====== Provided records ======

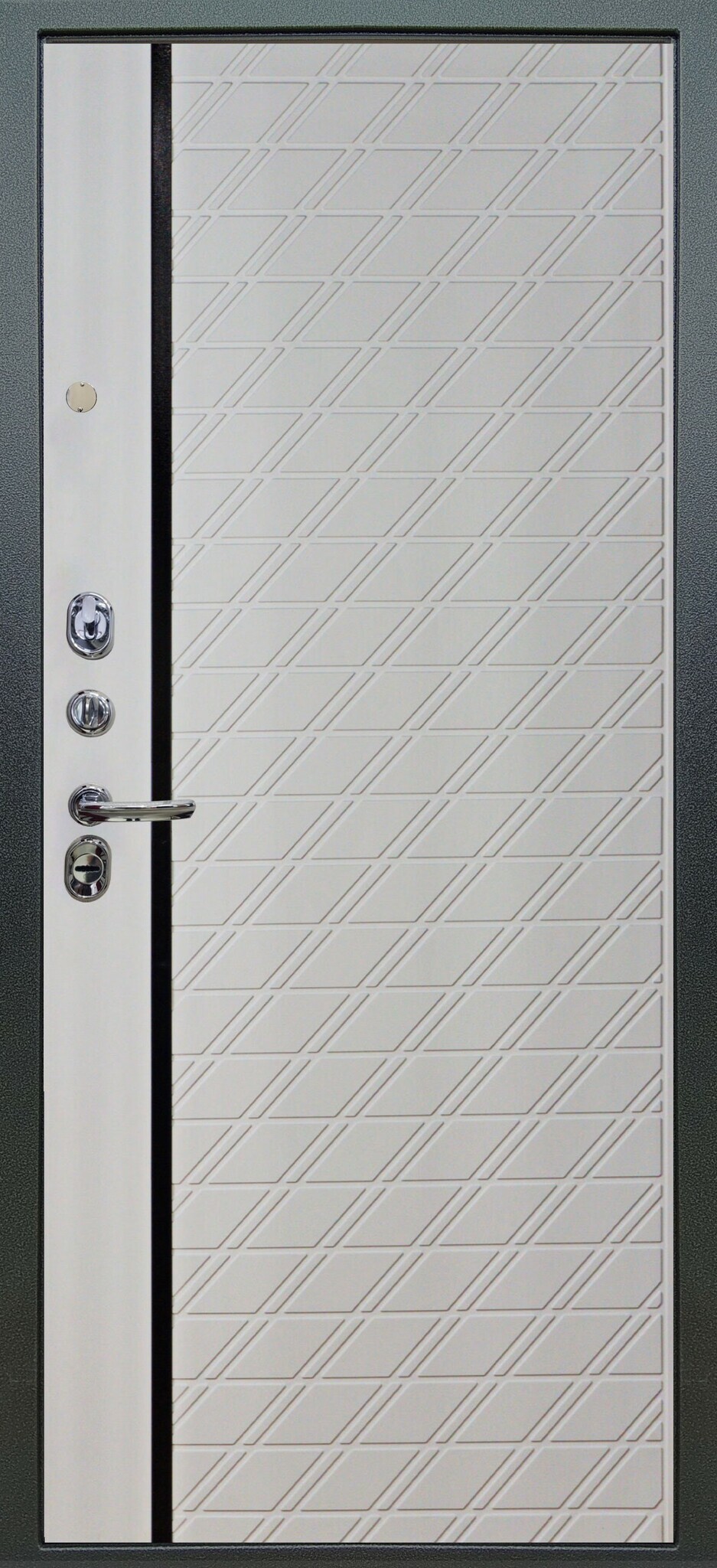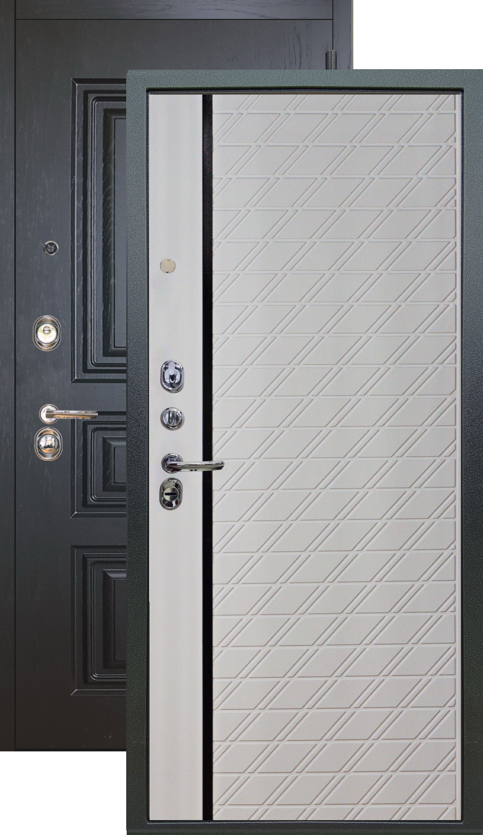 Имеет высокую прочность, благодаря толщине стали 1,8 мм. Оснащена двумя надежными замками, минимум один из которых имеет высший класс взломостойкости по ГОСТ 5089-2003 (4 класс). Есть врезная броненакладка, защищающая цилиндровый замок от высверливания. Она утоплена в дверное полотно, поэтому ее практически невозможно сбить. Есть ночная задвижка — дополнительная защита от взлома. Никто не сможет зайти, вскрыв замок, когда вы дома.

======
====== Provided records ======

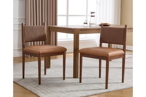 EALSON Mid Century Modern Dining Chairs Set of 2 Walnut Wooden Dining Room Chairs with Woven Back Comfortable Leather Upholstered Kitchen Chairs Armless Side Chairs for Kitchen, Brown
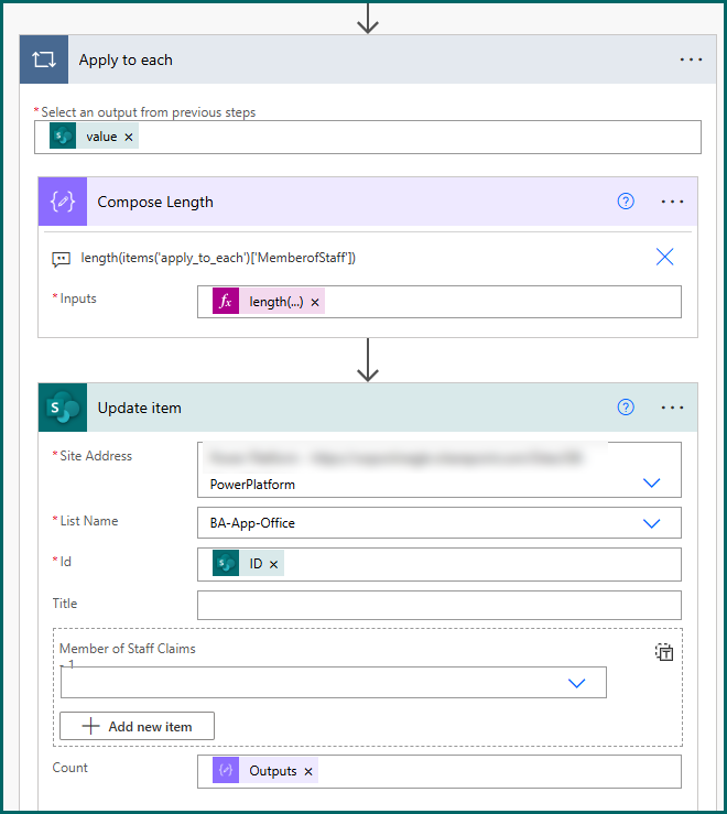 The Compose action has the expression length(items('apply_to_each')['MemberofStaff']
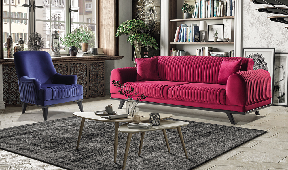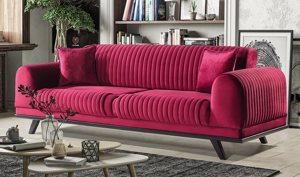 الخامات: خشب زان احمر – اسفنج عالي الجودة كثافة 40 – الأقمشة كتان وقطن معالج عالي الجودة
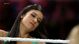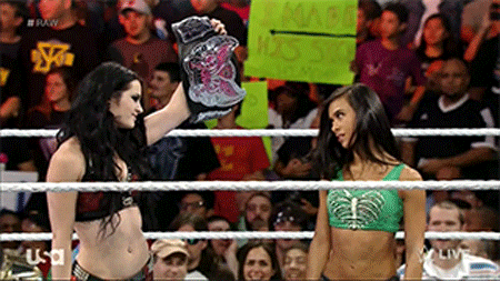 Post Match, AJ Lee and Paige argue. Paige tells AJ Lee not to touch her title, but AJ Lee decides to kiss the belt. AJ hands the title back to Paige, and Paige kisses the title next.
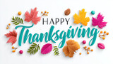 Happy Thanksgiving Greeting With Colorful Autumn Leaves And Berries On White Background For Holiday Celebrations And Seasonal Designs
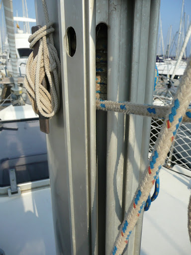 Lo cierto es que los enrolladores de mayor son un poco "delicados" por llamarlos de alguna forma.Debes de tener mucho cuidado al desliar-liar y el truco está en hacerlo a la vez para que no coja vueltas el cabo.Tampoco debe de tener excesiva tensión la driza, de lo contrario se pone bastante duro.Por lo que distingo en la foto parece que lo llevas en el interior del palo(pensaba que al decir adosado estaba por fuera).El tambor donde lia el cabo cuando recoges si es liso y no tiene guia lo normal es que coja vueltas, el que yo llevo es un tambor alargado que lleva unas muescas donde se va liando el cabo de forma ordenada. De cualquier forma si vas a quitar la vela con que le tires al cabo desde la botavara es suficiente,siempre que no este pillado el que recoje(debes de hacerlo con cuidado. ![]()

======
====== Provided records ======

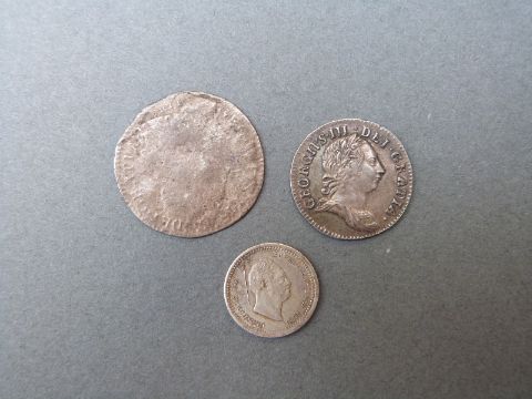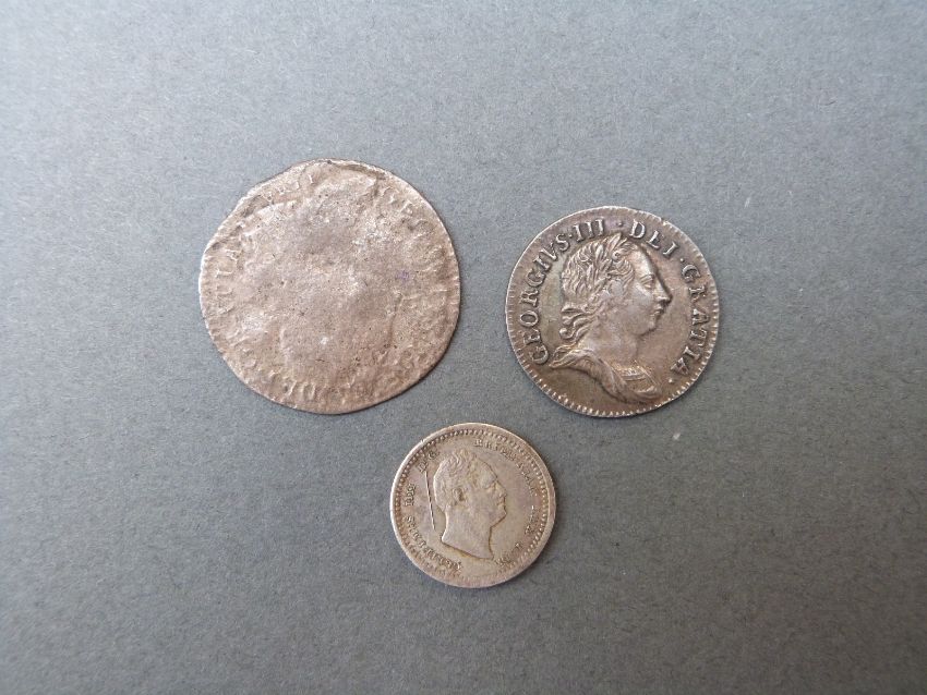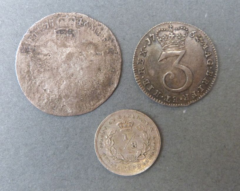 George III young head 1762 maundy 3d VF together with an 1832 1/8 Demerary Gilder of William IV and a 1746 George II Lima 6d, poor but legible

======

### Task to complete
What is needed is an exact copy of only the lines above from the one with "Post Match, AJ" to the one with "Happy Thanksgiving Greeting", both kept, with every picture left out.

### Response for this exercise
 Post Match, AJ Lee and Paige argue. Paige tells AJ Lee not to touch her title, but AJ Lee decides to kiss the belt. AJ hands the title back to Paige, and Paige kisses the title next.
 Happy Thanksgiving Greeting With Colorful Autumn Leaves And Berries On White Background For Holiday Celebrations And Seasonal Designs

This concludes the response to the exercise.